WHAT YOU HAVE TO DO.
Return an exact copy of the lines from the one holding "Churchville-Chili Graduation 2009" to the end of the data, including both the starting and final lines. Leave the pictures out.

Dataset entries
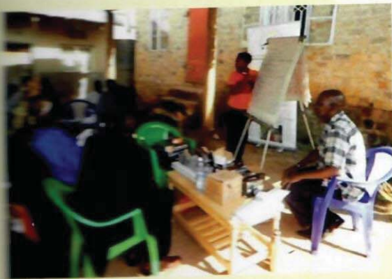
Fig 11: A Barefoot agent taking farmers through one of the solar energy equipment clinic

In addition, five groups each with a total membership of 132 farmers were sensitized on solar energy use and 25 solar lamps were supplied to the farmers at reduced rates. The use of solar equipment by farmers has created convenience and contributed to reducing pollution inside homesteads.
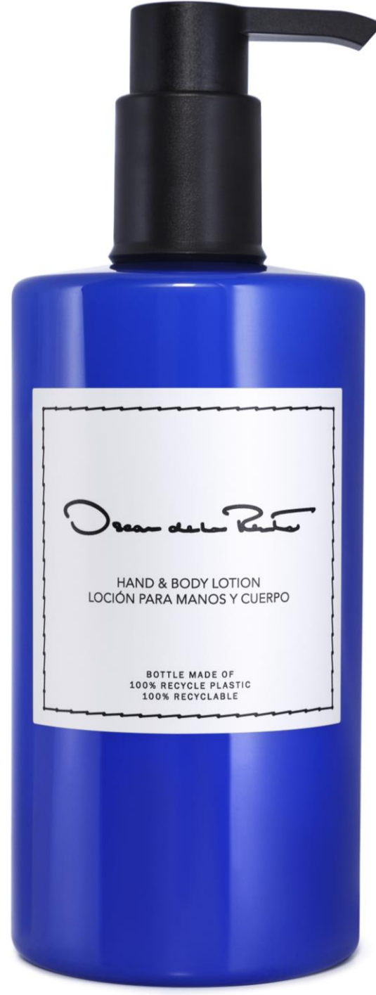
HAND & BODY LOTION 400 ML
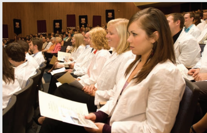
Students recited the Oath of Geneva at the end of the White Coat Ceremony.
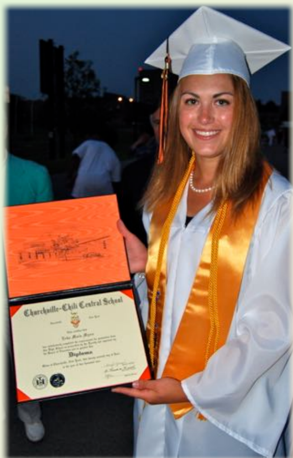
Churchville-Chili Graduation 2009
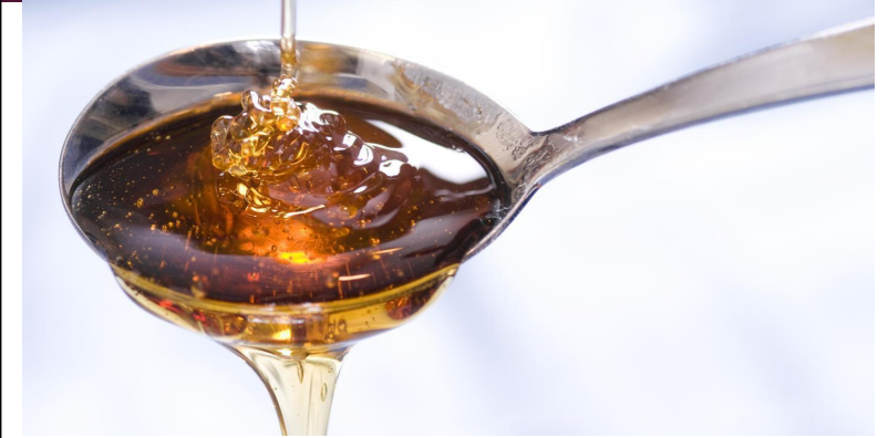
A teaspoon of honey.
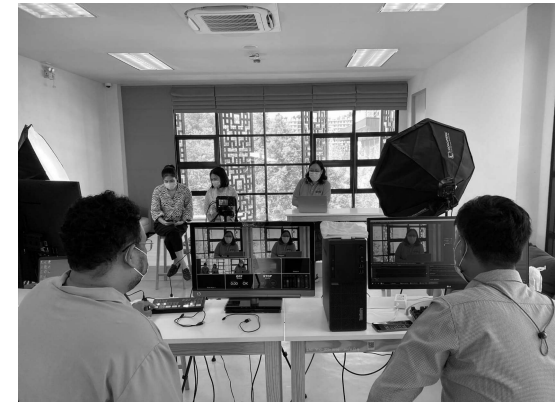
International Virtual Webinar
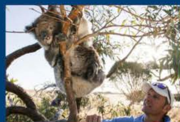
Words: Alexis Buxton-Collins
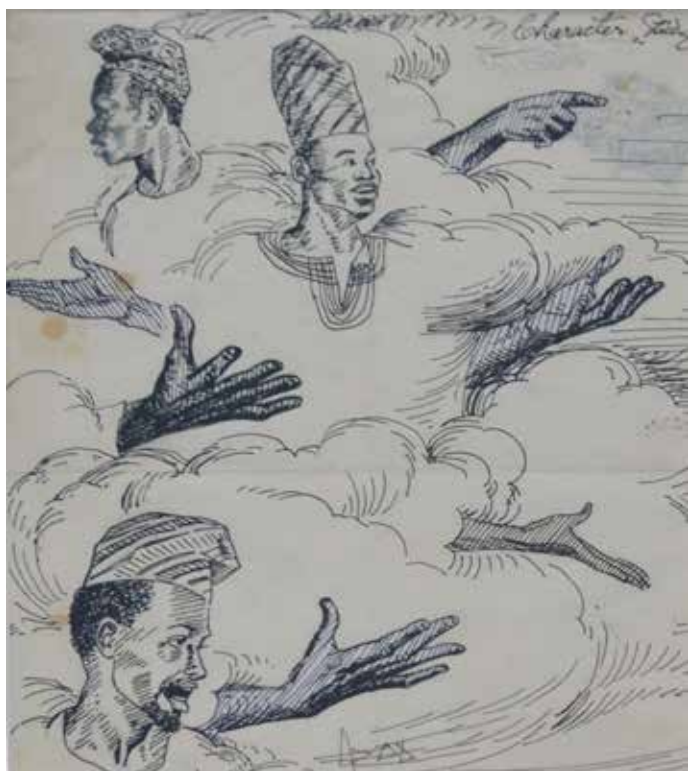
CHARACTER STUDY 2008, 9.5 by 8 Inches

RESPONSE.
Churchville-Chili Graduation 2009
A teaspoon of honey.
International Virtual Webinar
Words: Alexis Buxton-Collins
CHARACTER STUDY 2008, 9.5 by 8 Inches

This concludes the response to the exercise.